Sorry to take so long to respond to this. I was waiting to take the IronPort classes so I understand it better. Now that I have taken the classes, I can better explain/understand what is being said.

OK, here is what I have found. We have enabled port pairing on our C350. We have 3 listeners defined. One that listens on port 25 to receive email from our Lotus Domino servers. One that listens on port 10026 to receive email from our Vontu content scanning system. One that listens to port 10025 to receive messages from PGP (as I cannot redefine port 25 again).

I have 3 filters, one that receives from Domino, one that receives from Vontu and one that receives from PGP that all put in an X-Header stating where it is coming from and the Content filters that direct it to the next place in the hop.

1) Are we limited going one way with port pairing?
2) Are we only able to define one port number per NIC in the listeners?

Hi!

I might be missing the point of why you have set up NIC pairing in order to be able to get your PGP scenario to work.

The only thing NIC pairing does is to logically combine two otherwise physically separated network interfaces into a single one, so in case one interface / cable / switch dies your appliance still stays connected to your network and you can fix the problem while the appliance is still working the way it should.

As far as your second question goes, that is not really an Ironport limitation, but rather a networking one. On no network device that exists you will be able to run two different appliations (or listeners) on the same port on the same ip. The appliance would never be able to tell which listener the incoming connection is meant for. Just imagine you would like to deliver a package to someone living in a housing estate, door no. 25 and when you reach the front door you find 3 doorbells for room no. 25, but no names - can't work.

What we usually do is define two IP interfaces for the incoming / outgoing connections with a listener on port 25 each, and then another "Encryption" interface that handles all the communication coming from / going to the PGP Universal GW (one listener on 25, another on 8025). Works like a charm and gives us all the high flexibility we need.

On a side note, we had to find out through a lot of trial-and-error testing that the "encrypted" rule in the filters wouldn't catch all the encrypted incoming messages for various reasons, so we had to set up our own. You might want to take a closer look into this.

Cheers.
Torsten

I might be missing the point of why you have set up NIC pairing in order to be able to get your PGP scenario to work.

The only thing NIC pairing does is to logically combine two otherwise physically separated network interfaces into a single one, so in case one interface / cable / switch dies your appliance still stays connected to your network and you can fix the problem while the appliance is still working the way it should.

Actually, the NIC pairing was initially set up when we first configured the box. I am now trying to set up PGP as a policy server so when it does it thing, it sends the message back to IronPort instead of sending it to the next hop.

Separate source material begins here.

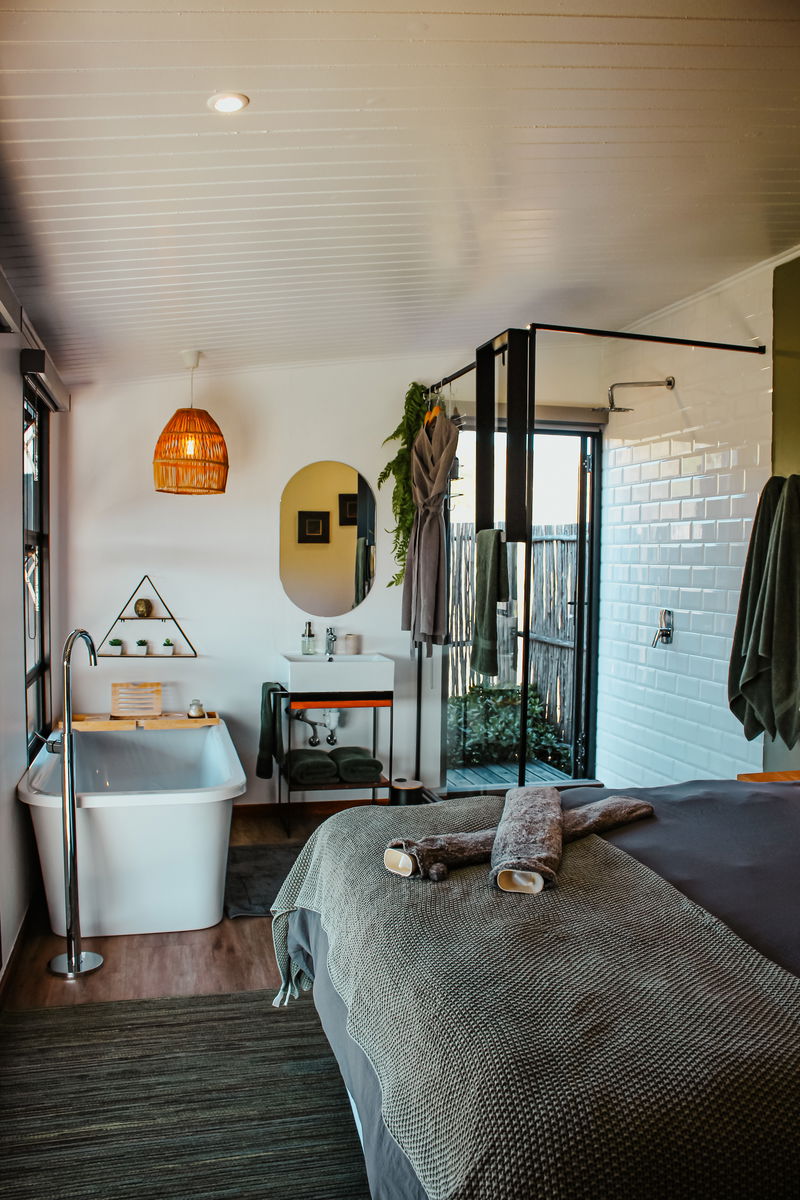 Sunbird Cabin was thoughtfully designed and tastefully furnished to ensure maximum comfort. It is fully self-catering and has a double bed, shower, and bath with an additional shower outside, a hot tub, and a hammock.

As far as your second question goes, that is not really an Ironport limitation, but rather a networking one. On no network device that exists you will be able to run two different appliations (or listeners) on the same port on the same ip. The appliance would never be able to tell which listener the incoming connection is meant for. Just imagine you would like to deliver a package to someone living in a housing estate, door no. 25 and when you reach the front door you find 3 doorbells for room no. 25, but no names - can't work.

What we usually do is define two IP interfaces for the incoming / outgoing connections with a listener on port 25 each, and then another "Encryption" interface that handles all the communication coming from / going to the PGP Universal GW (one listener on 25, another on 8025). Works like a charm and gives us all the high flexibility we need.

On a side note, we had to find out through a lot of trial-and-error testing that the "encrypted" rule in the filters wouldn't catch all the encrypted incoming messages for various reasons, so we had to set up our own. You might want to take a closer look into this.

Cheers.
Torsten

Thanks for the feedback. I have been testing configuring a backup IronPort and have found that for each Interface you have, you can only configure a listener and a port. You cannot configure the same port number for different listeners on the same interface.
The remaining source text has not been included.